Most of the times, it is observed that prompts/system message for large language models (LLMs) can become unstructured and difficult to manage, especially when it is lengthy containing few shot examples. This often leads to incorrect responses, makes way for hallucinations and more such problems. For those who have experienced this challenge, Prompt Orchestration Markup Language (POML) offers a structured solution.
POML can be considered as the HTML of AI prompts, utilizing familiar tag-based components to introduce organization and reusability into a set of instructions. Its design addresses common frustrations in prompt engineering, allowing for a more efficient and scalable interaction with LLMs.
Why use POML?
The adoption of POML provides several key benefits:
- Structure and Reusability: The need for unstructured, hard-to-edit text prompts is eliminated.
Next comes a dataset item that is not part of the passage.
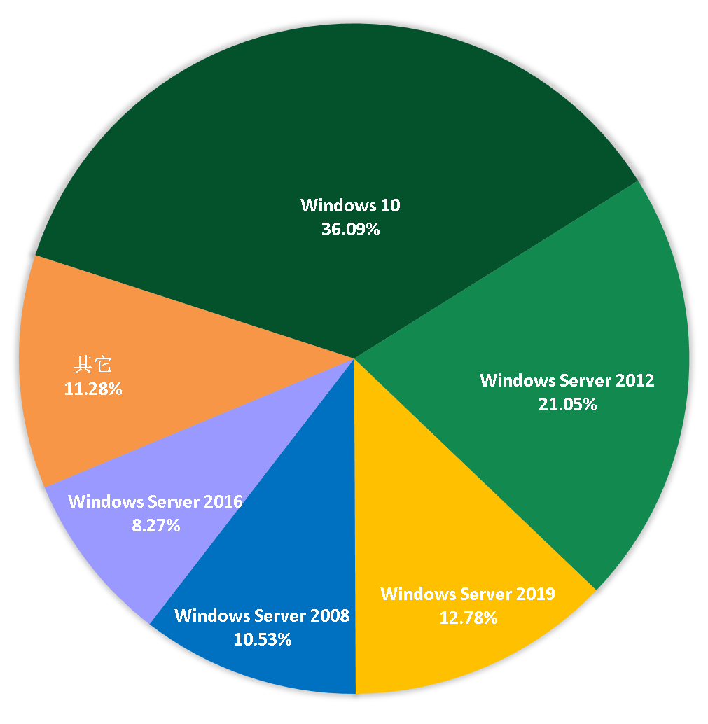 对本月受害者所使用的操作系统进行统计,位居前三的是:Windows 10、Windows Server 2012以及Windows Server 2019。
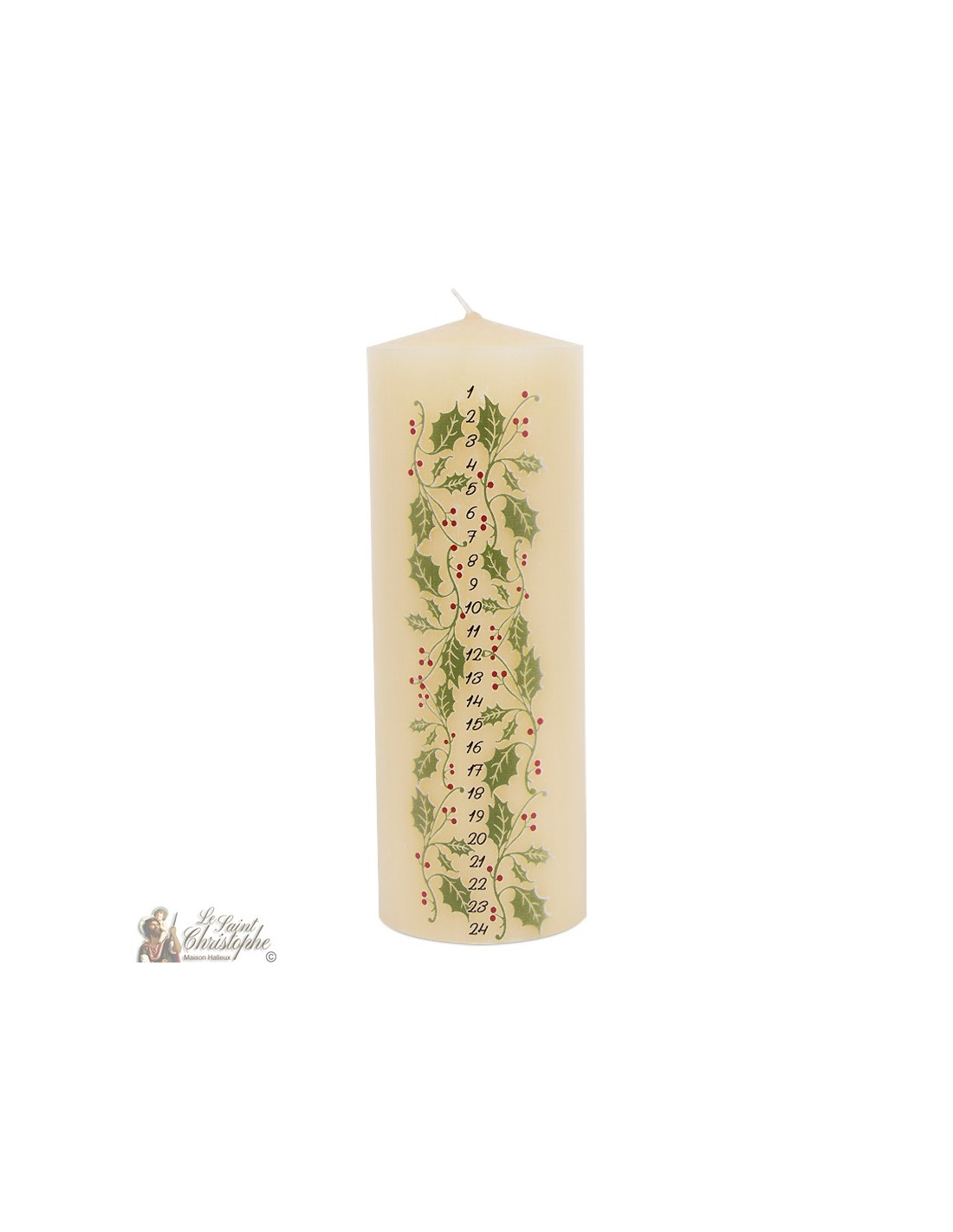Vela de Adviento decorativa – Hojas de acebo y bayas rojas

With POML, prompts can be constructed in a way that makes them easier to maintain and reuse, integrating them as a central part of a technical workflow.
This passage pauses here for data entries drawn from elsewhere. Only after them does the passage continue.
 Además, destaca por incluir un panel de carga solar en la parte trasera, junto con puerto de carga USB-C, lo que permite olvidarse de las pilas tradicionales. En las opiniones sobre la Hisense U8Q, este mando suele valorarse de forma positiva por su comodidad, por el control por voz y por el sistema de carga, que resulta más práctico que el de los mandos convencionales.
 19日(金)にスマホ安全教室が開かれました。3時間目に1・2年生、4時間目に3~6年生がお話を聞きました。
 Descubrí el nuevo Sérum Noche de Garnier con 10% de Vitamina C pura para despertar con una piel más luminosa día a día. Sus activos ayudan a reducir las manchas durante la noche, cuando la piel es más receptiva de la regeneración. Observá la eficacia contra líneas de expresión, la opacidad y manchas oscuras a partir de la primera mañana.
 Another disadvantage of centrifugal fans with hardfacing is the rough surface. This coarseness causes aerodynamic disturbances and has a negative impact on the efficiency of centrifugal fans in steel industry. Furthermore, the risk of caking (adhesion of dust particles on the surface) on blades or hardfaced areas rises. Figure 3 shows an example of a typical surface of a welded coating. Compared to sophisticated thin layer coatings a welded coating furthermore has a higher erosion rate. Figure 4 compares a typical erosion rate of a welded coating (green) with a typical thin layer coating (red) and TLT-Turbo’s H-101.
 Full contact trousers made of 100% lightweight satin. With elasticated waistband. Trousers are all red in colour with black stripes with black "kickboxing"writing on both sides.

- Diverse Data Handling: POML facilitates the seamless integration of various data types directly into a prompt. It is capable of pulling in text from Word documents, tables from CSVs, images, audio files, and even entire file folders, providing the LLM with comprehensive context.
- Enhanced Workflow: A dedicated VS Code extension offers a powerful environment for writing, testing, and managing prompts in a manner similar to code, complete with features such as live preview.
The Core Components of POML
The architecture of POML is built upon the following main types of components:
- Basic Components: These tags provide logical structure and formatting. Examples include <p> for paragraphs and <ul> for lists.
- Intention Components: These are used to clearly define the objectives for the LLM. Tags like <task>, <role>, and <example> help in specifying the AI's intended actions and behavior.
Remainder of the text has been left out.